とても素敵な家具だから、しばらくはクレマチス店内で、食器やフィギュアやランプを飾って楽しみたいと思っていました。

「私、わかりますか?」とおっしゃったお客様の笑顔にマスクのお顔ではじめはわからなかったのですが、「あ、やっぱりあの方だった。」と思いながら
「はい、以前象嵌のキャビネットを買って頂いたんですよね。」と、私。
ピアノ教授をされていると伺っていました。以前お買い上げいただいた家具に施された象嵌のデザインが
「音符が並んでいるように見えるので気に入りました。」
「私、ピアノを教えているんです。」
と、そんなお話を伺っていました。
それにしても、今回のこの家具さんを一瞬で買って下さった軽やかさには驚きました。
「久しぶりにときめいた家具です。」
「葉書を見て、一目惚れしました。」
と、配送のご相談のメールで、教えて下さいました。
そうなんですね!と一人ホクホクしながらうなずく私です。
「人と人は出会い」ですが、「モノと人も出会い」です。いい出会いが私たちを育ててくれます。そして、その出会いは、「この出会いは大切にしよう」とゆっくりと胸に響いてくるものもあれば、このお客様がおっしゃる「一目惚れ」のように一瞬で虜になってしまう電撃的なものもあるのです。
大きな物、(そう、家や車や家具)でも、小さなもの(毎日使うカップやお茶碗お箸、あるいは手帳やペン)でも、私たちはいつも物を選び取って暮らしています。
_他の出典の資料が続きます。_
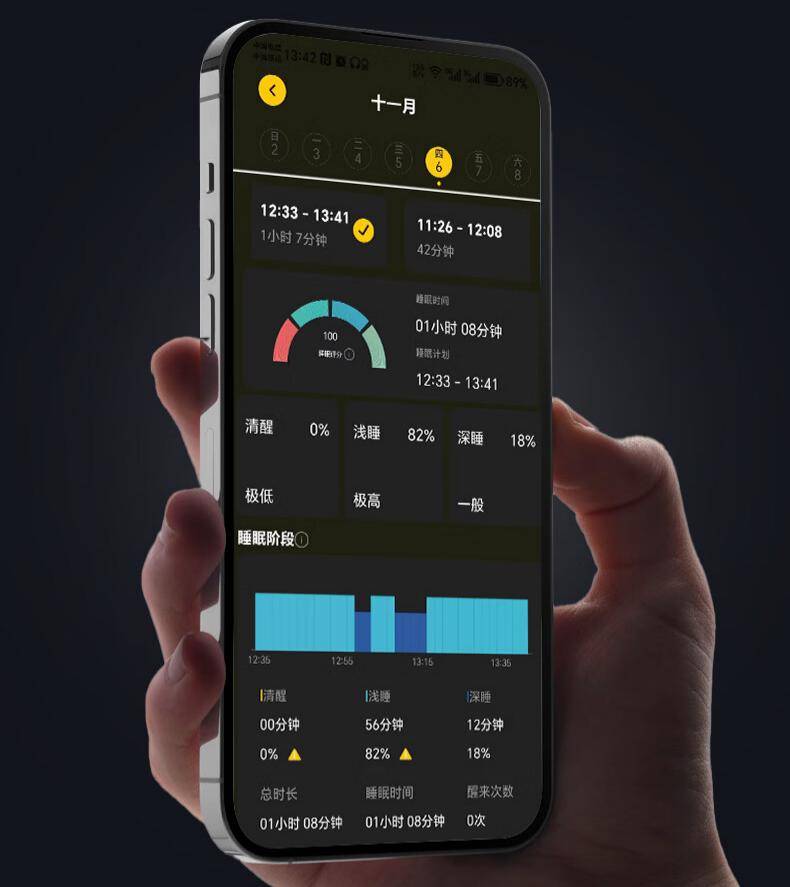 在降噪方面,它采用三层仿生消噪腔、分频降噪引擎和双耳麦阵列,能够分段抑制呼噜声、谈话声、空调声甚至街道噪音,入耳前就先降低干扰,就像置身安静的小屋。结合APP智能算法,耳机还能监测整晚睡眠状态,自动识别深睡、浅睡和觉醒时间,入睡后停止播放,早晨轻柔唤醒,并生成完整睡眠报告,让每晚休息既舒适又可量化管理。
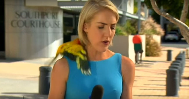 A friendly parrot landed on her shoulder when Brittney was delivering a big report while standing in front of the camera.

それは生き方を選んでいるということでもあると思うんです。
「なんでもいい」というのは、「モノを選び取っていない」という事。それは自分の暮らしを大切にしないことになると思います。
でも、迷い過ぎて選べない時も多いですよね。色々な場面で。私もたまにあります。
このお客様のようにいつも感性を磨き、自分の「好き」という感覚の根拠をわかって納得していれば、いつ「モノとのいい出会い」があってもすぐに反応できますよね。しかも落ち着いて。「後悔しないかしら」なんて思わないで。
明日嫁いで行く家具さんを磨きながらそんなことを思いました。「素敵な時間を紡いでいって下さいね。」と願いながら。